Boeing grounded the B787 test fleet following an inflight fire in an electrical panel caused by a loose foreign object. Meanwhile, Mr McNerney announced Boeing would hire 4000-5000 workers at locations in Seattle and South Carolina over 2011, to ramp-up commercial aircraft production.
Separately, the US manufacturer Boeing stated no agreement has been made by the OECD over the extension of export credit financing to the US and the UK, Spain, Germany and France, according to a Bloomberg report. The existing home country rule prevents airlines in these countries from accessing export financing to acquire aircraft manufactured in their home country. Boeing believes the cost of state-guaranteed loans is likely to increase as a consequence of a new agreement.

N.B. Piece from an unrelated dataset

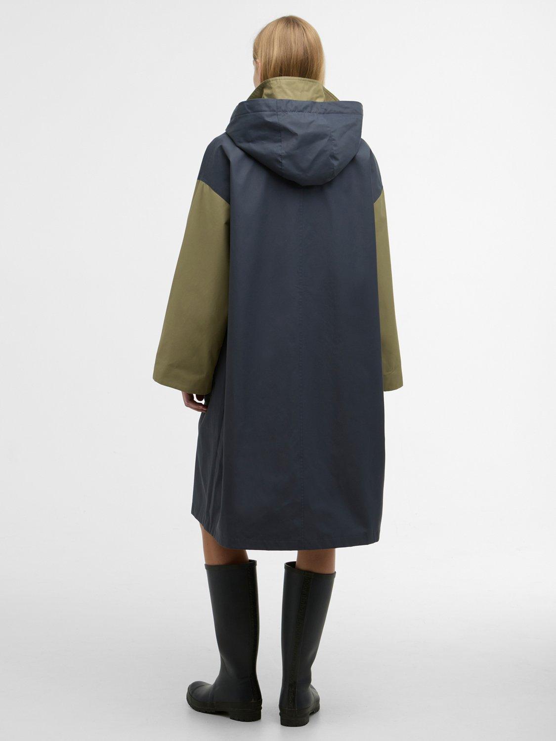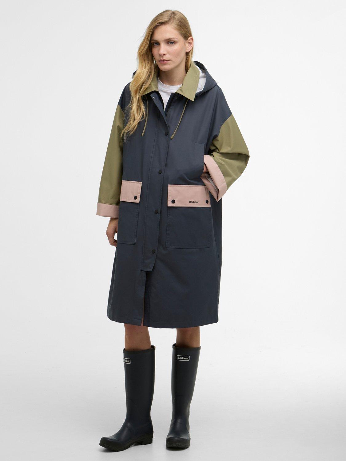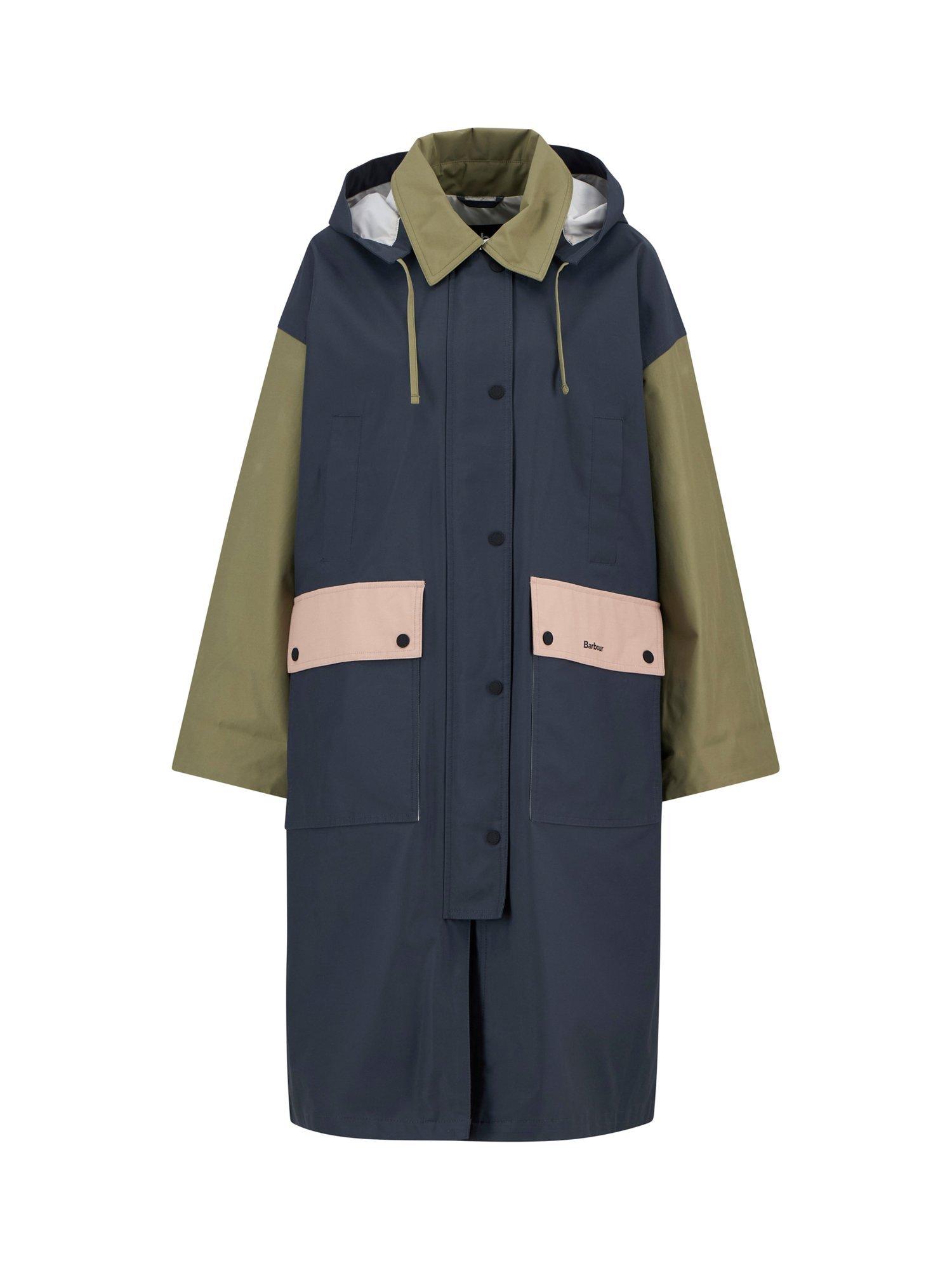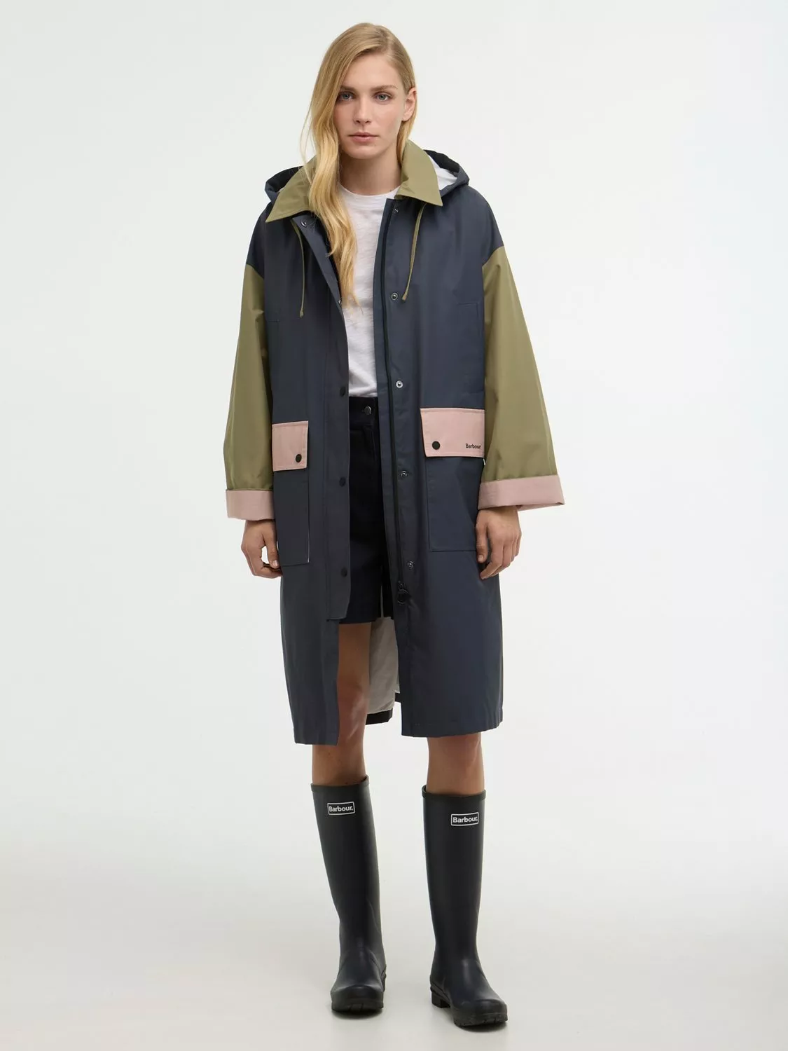 The Barbour Blearigg Showerproof Jacket is a longline design inspired by the classic Barbour Border style. Featuring an oversized fit, it includes a detachable hood for versatility, welt handwarmer pockets, and lower patch pockets for practicality. A bold colour-blocked design adds a modern twist to this timeless showerproof jacket.

Airbus to miss A380 delivery target
Airbus stated it would miss its 2010 target for A380 deliveries and anticipates further disruptions to its schedule next year as it struggles with the aftermath of a Rolls-Royce Group Plc engine failure.
Airbus will reportedly deliver 19 A380s in 2010 instead of its delivery target of 20, due to issues related to the Rolls-Royce Trent 900 and seats manufactured by Koito Industries, according to a Reuters report.
Airbus CEO Tom Enders, meanwhile, reportedly stated the “development and ongoing industrialisation” of the A350 XWB remains the manufacturer’s “biggest challenge”.
Shares in Airbus parent EADS fell 1% yesterday, while Boeing fell 0.4% - both in line with broader market declines.